Requirement:
Using the data that follows, give again word for word the lines between the one holding "黃開如書記與富勝總裁親切握手,相互友好交換簽約文件" and the one holding "girl's 4 grid", inclusive. Omit the pictures.

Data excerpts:
******************************

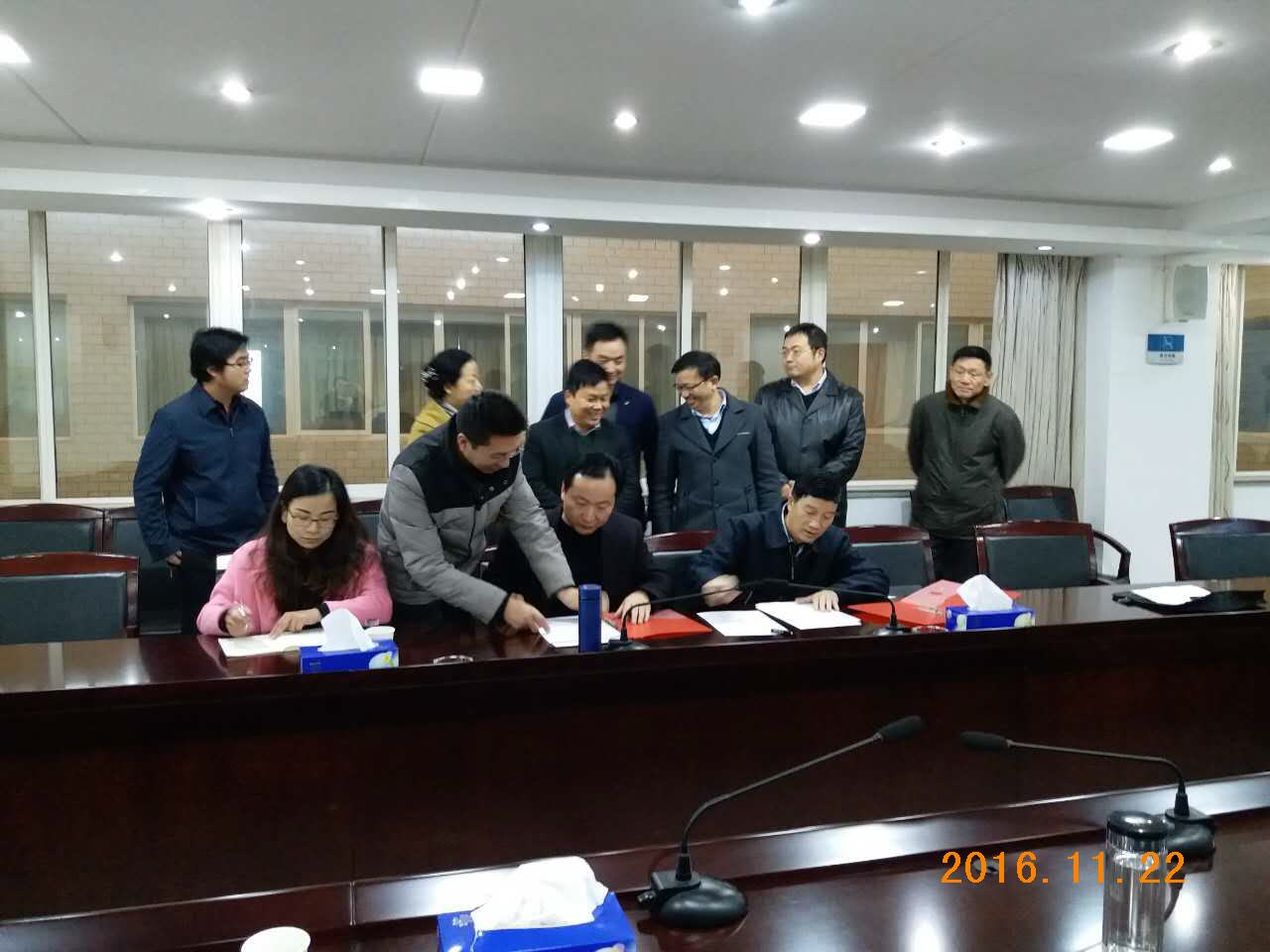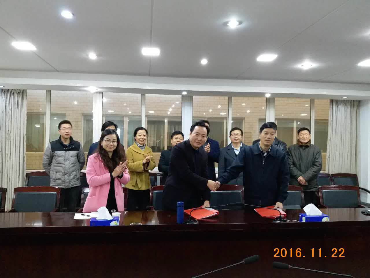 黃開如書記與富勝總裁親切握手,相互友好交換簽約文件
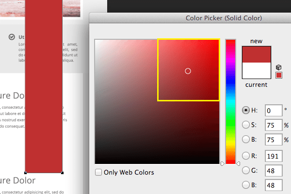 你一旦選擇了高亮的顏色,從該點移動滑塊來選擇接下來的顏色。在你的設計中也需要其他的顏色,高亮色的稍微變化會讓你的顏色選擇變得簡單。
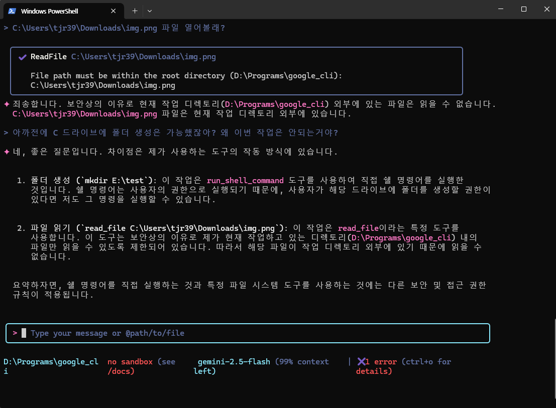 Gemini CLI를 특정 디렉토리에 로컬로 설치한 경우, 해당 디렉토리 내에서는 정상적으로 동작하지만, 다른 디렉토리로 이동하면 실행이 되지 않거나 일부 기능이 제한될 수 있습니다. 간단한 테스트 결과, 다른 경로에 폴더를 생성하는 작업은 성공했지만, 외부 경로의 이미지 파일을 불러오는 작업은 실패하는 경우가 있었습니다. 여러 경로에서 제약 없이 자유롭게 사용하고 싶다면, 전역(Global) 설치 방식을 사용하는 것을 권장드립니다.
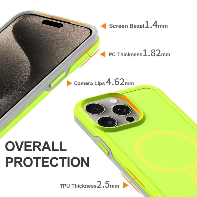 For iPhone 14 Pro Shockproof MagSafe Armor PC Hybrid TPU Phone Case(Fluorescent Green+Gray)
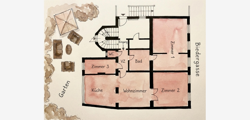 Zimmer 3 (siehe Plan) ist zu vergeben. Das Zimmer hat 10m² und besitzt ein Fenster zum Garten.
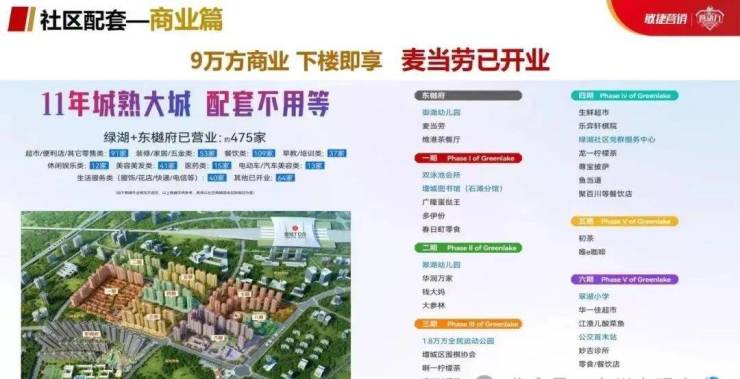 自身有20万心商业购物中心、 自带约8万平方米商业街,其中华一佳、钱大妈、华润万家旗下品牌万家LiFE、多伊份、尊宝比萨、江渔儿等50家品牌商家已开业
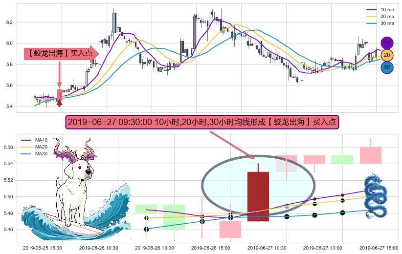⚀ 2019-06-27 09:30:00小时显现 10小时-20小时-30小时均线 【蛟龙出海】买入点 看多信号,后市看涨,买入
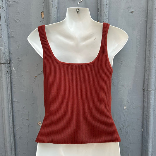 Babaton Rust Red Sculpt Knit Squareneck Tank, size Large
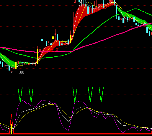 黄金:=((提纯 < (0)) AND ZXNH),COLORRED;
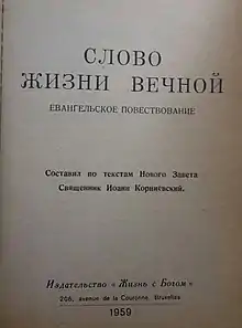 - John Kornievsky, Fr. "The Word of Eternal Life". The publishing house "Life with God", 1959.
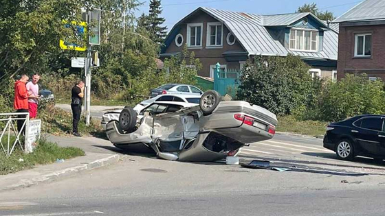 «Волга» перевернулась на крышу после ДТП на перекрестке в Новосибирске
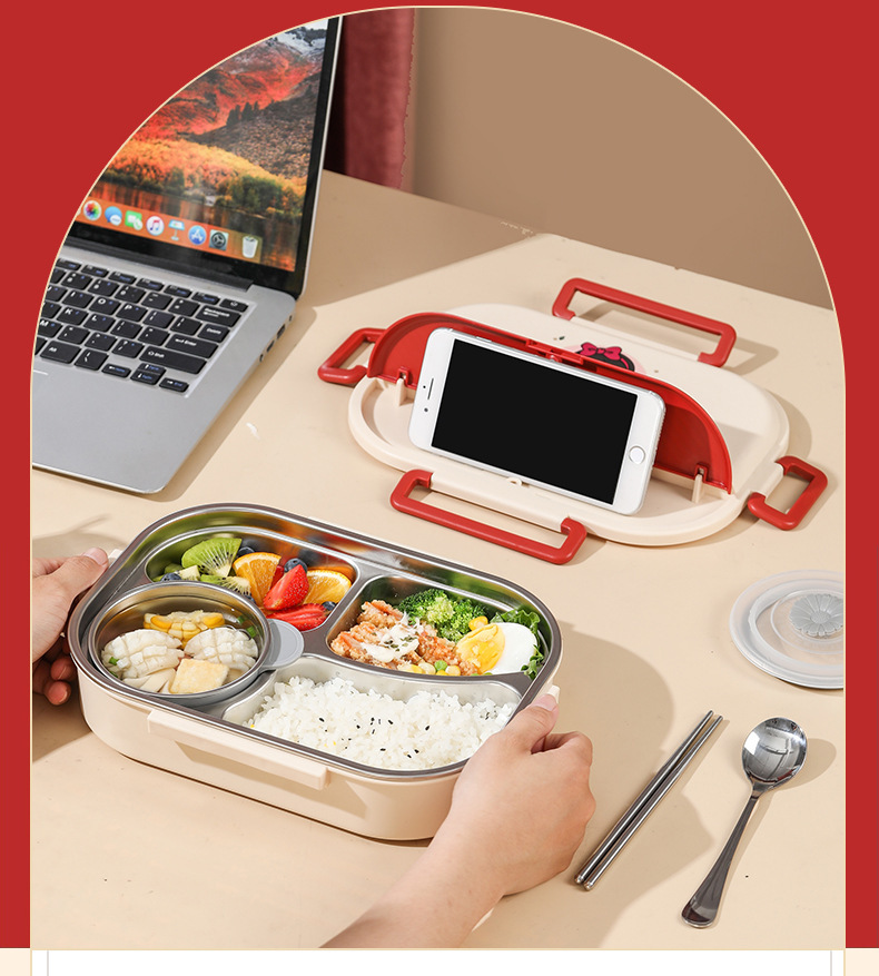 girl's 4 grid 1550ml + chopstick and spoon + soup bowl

******************************

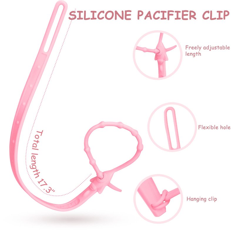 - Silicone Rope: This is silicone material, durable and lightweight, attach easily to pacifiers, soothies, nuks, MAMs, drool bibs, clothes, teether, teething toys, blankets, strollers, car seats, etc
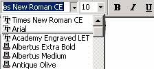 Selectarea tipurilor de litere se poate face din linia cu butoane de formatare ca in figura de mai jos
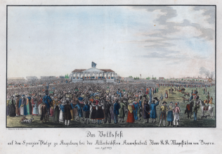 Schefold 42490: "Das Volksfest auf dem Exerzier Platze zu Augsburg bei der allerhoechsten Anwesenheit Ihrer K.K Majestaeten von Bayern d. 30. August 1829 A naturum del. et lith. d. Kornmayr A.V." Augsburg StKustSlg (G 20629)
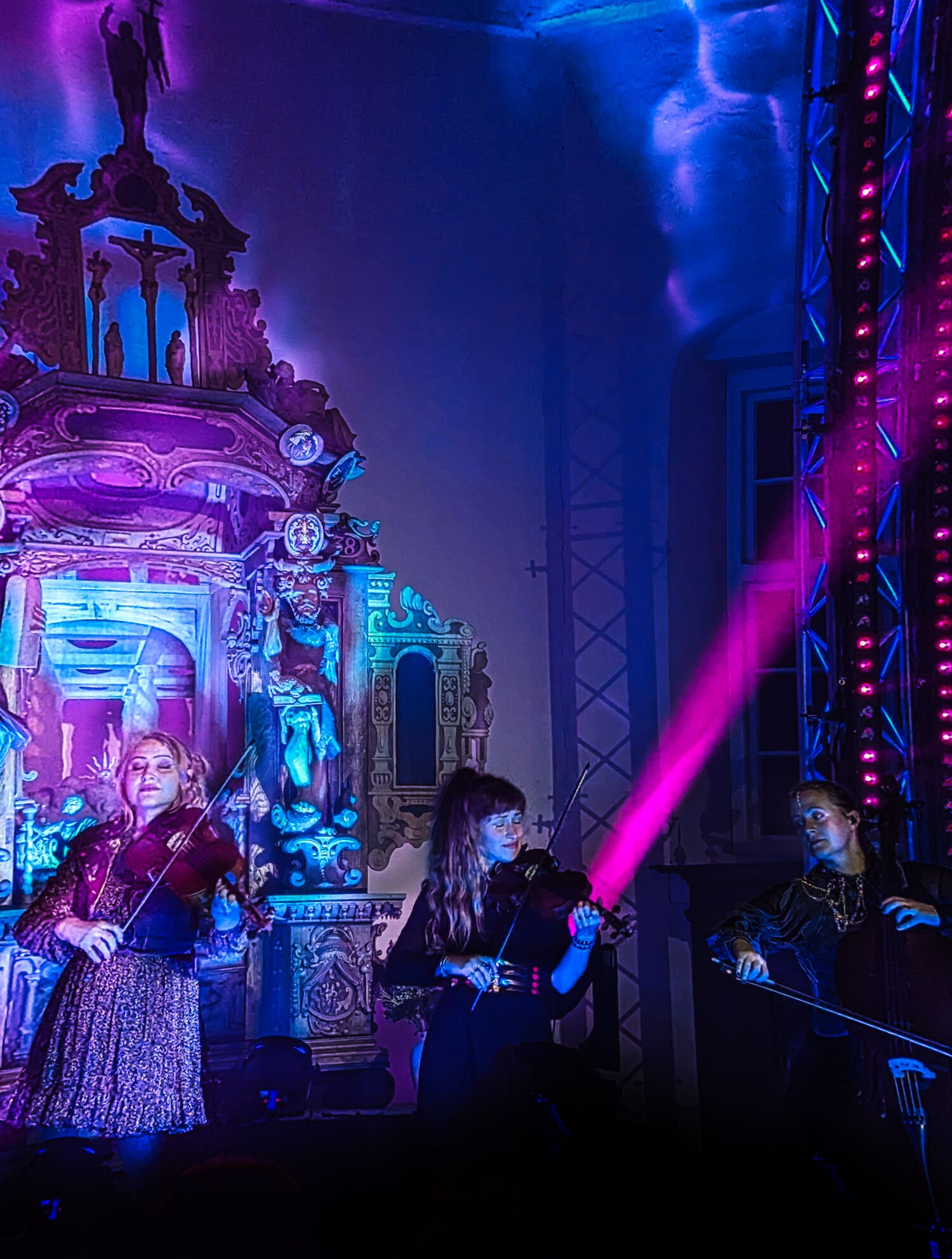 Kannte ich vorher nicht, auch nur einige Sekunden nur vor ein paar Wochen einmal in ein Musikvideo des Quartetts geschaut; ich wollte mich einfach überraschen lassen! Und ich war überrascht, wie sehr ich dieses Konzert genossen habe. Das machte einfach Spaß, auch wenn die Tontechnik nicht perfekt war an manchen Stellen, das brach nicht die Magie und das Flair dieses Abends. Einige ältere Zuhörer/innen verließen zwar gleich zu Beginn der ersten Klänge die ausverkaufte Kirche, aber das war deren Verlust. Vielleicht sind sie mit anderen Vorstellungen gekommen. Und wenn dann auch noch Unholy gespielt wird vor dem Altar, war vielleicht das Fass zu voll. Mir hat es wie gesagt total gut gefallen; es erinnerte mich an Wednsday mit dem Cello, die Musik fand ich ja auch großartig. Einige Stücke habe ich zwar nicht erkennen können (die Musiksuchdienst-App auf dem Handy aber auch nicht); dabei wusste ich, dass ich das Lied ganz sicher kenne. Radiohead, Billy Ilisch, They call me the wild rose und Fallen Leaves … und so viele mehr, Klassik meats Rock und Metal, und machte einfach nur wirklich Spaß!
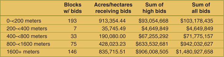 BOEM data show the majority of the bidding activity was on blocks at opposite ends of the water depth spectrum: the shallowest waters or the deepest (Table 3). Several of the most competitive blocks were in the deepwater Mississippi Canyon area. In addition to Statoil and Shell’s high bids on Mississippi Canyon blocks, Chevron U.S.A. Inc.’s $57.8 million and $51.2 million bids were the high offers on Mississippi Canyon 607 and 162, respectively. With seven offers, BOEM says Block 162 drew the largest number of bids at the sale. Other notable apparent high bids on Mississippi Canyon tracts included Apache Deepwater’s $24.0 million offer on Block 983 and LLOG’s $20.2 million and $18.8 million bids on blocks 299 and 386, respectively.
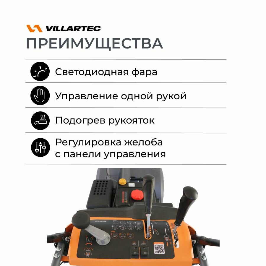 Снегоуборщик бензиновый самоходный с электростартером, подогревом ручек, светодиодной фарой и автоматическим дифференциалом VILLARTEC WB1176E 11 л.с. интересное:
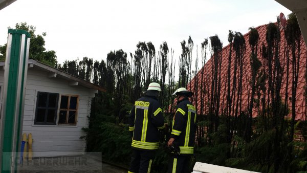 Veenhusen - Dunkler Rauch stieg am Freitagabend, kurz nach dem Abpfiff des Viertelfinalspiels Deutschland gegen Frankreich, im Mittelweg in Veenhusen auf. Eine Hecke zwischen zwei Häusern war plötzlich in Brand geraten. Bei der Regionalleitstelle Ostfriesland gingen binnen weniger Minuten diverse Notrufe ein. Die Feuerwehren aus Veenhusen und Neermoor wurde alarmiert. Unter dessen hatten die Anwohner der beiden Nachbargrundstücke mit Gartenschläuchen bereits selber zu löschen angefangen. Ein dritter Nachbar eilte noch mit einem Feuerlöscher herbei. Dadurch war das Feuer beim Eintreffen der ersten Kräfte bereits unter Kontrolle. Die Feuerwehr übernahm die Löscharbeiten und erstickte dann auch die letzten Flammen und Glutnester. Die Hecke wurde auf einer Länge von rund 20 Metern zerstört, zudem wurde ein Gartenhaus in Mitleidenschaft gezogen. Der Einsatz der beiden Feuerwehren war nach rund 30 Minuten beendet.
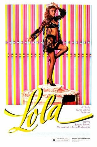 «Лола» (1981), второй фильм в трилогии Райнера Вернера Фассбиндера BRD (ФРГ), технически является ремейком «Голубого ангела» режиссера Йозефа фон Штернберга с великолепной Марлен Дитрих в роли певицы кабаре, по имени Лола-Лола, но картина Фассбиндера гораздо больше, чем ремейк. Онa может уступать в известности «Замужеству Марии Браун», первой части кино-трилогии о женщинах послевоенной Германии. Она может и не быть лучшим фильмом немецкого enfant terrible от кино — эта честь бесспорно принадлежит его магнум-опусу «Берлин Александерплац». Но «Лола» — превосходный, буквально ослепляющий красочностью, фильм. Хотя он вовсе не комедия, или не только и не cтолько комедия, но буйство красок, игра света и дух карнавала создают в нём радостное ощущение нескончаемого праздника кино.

******************************

Answer for the task:
 黃開如書記與富勝總裁親切握手,相互友好交換簽約文件
 你一旦選擇了高亮的顏色,從該點移動滑塊來選擇接下來的顏色。在你的設計中也需要其他的顏色,高亮色的稍微變化會讓你的顏色選擇變得簡單。
 Gemini CLI를 특정 디렉토리에 로컬로 설치한 경우, 해당 디렉토리 내에서는 정상적으로 동작하지만, 다른 디렉토리로 이동하면 실행이 되지 않거나 일부 기능이 제한될 수 있습니다. 간단한 테스트 결과, 다른 경로에 폴더를 생성하는 작업은 성공했지만, 외부 경로의 이미지 파일을 불러오는 작업은 실패하는 경우가 있었습니다. 여러 경로에서 제약 없이 자유롭게 사용하고 싶다면, 전역(Global) 설치 방식을 사용하는 것을 권장드립니다.
 For iPhone 14 Pro Shockproof MagSafe Armor PC Hybrid TPU Phone Case(Fluorescent Green+Gray)
 Zimmer 3 (siehe Plan) ist zu vergeben. Das Zimmer hat 10m² und besitzt ein Fenster zum Garten.
 自身有20万心商业购物中心、 自带约8万平方米商业街,其中华一佳、钱大妈、华润万家旗下品牌万家LiFE、多伊份、尊宝比萨、江渔儿等50家品牌商家已开业
⚀ 2019-06-27 09:30:00小时显现 10小时-20小时-30小时均线 【蛟龙出海】买入点 看多信号,后市看涨,买入
 Babaton Rust Red Sculpt Knit Squareneck Tank, size Large
 黄金:=((提纯 < (0)) AND ZXNH),COLORRED;
 - John Kornievsky, Fr. "The Word of Eternal Life". The publishing house "Life with God", 1959.
 «Волга» перевернулась на крышу после ДТП на перекрестке в Новосибирске
 girl's 4 grid 1550ml + chopstick and spoon + soup bowl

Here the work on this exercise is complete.